A look through Kin's eyes.

By Silver DauxPublished about a year ago 3 min read
Top Story - December 2024
The Engine Revs
Photo by Mike Swigunski on Unsplash

I'm tired.

Kin, the great city soldier of chaos, is tired.

Not enough for the effort of lighting a cigar and pouring bourbon to be exhausting, but enough for the process of thinking to have become taxing. My thoughts, my soul, they rev higher and higher, bouncing first off the red line and then promising to smash through it while I become a machine consuming gallons upon gallons of fuel to keep up with the demand.

I won't.

Sooner rather than later, I'll choke on air and die.

Tch. Won't we all?

No, maybe not all of us. Maybe not even most of us because the truth of the matter is that I was sculpted for a different future. My bones were molded with the intention of seeing a world that bred creativity, farmed passion, and encouraged every soul still alive to touch the glowing light of the stars. I can still remember reaching for those points of clear light. The skies weren't so dark and empty then and the world was a boring place.

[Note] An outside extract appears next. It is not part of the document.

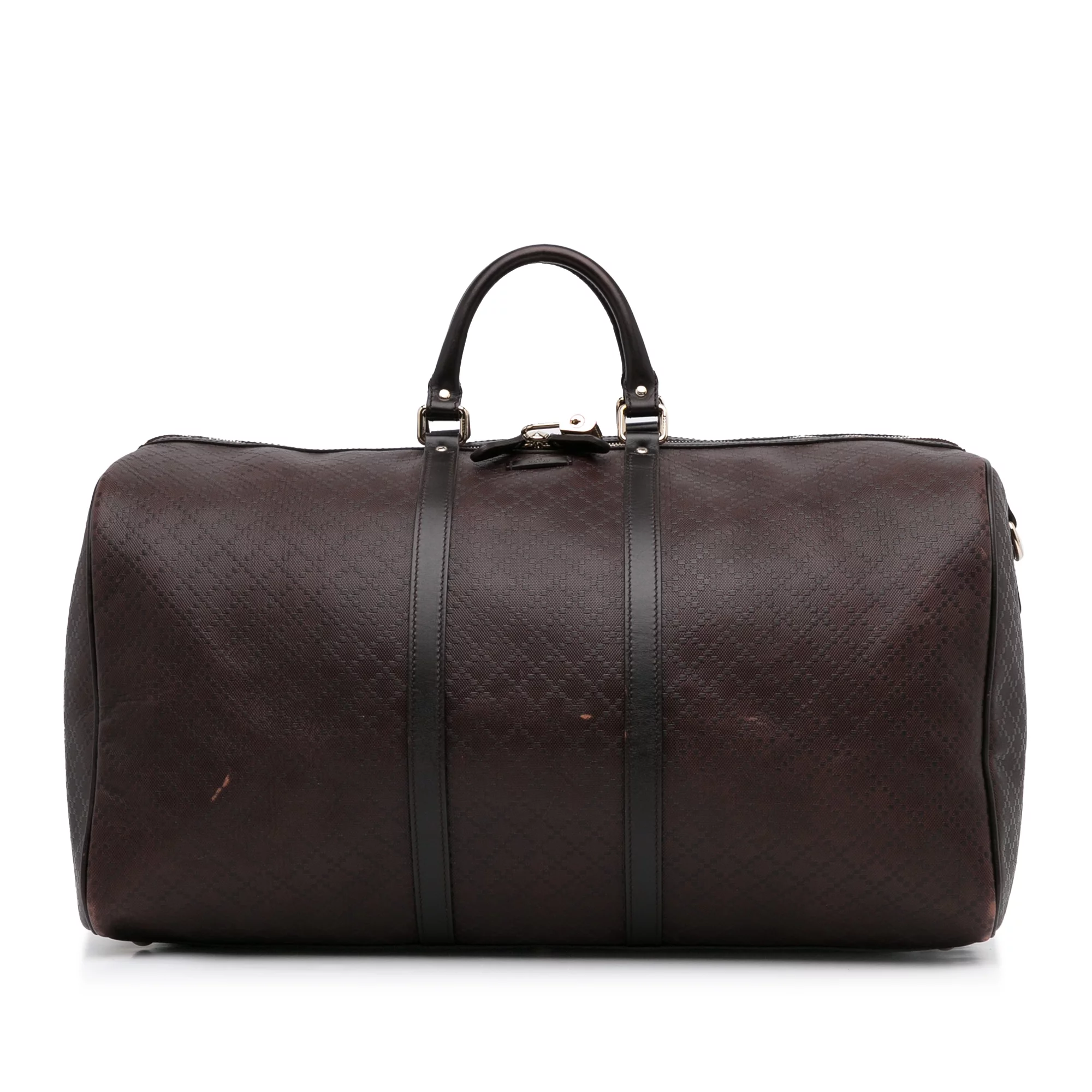 Pre-Owned Authenticated Gucci Large Diamante Bright Carry-On Duffle Bag Calf Leather Brown Travel Bag WeekenderBag Unisex (Good)

In this way, I've become a vestigial organ, just on the brink of being left behind and forgotten. I am one step away, and only one step, from witnessing the first slice of the knife.

I remember the boring.

It wasn't as empty as the days I live now. No, it was a wonder in itself. Quiet.

For a long time, I didn't think of it at all when it first vanished. I'm not even sure I noticed that the still nights had been overthrown by the music in my ears, the cars roaring by, and the endless loop of new voices coming from my phone. I didn't notice it at all when LED blue felt familiar and paper felt foreign. And I completely missed the moment when the dark clap of the sun finally setting on my reality cracked across my mind. Things were different now. The noise had sunk in.

I was no longer comfortably idling.

I used to fall asleep at one in the morning, desperate for something to entertain me and now I fall asleep at three, unable to stop experiencing.

Scrolling like a hamster on a wheel. One lap turned to one thousand. A test drive that ended when the car ran out of gas. Only this is infinite. It is eternity masking as a single moment in time. It is a flash-bang of atoms crashing into one another, ruining the silken fabric of the cosmos. Our world is untouched.

Mindlessly devouring, consuming just to whittle away the reality in front of me. It is an obsession, a craving of the soul. The engine of my thoughts has broken through the red line. It spins and spins and spins as I consume endless fuel, flicking through video after video with nothing but glassy eyes to show for it. This hunger inside of me must end! This crippling need to satiate myself will not go away and all I want is the silence.

I want the engine to stop revving.

No good signs on the horizon though.

It's cold. The middle of winter always is but in this city there's no warmth anywhere. The heaters are liars. It's all cold.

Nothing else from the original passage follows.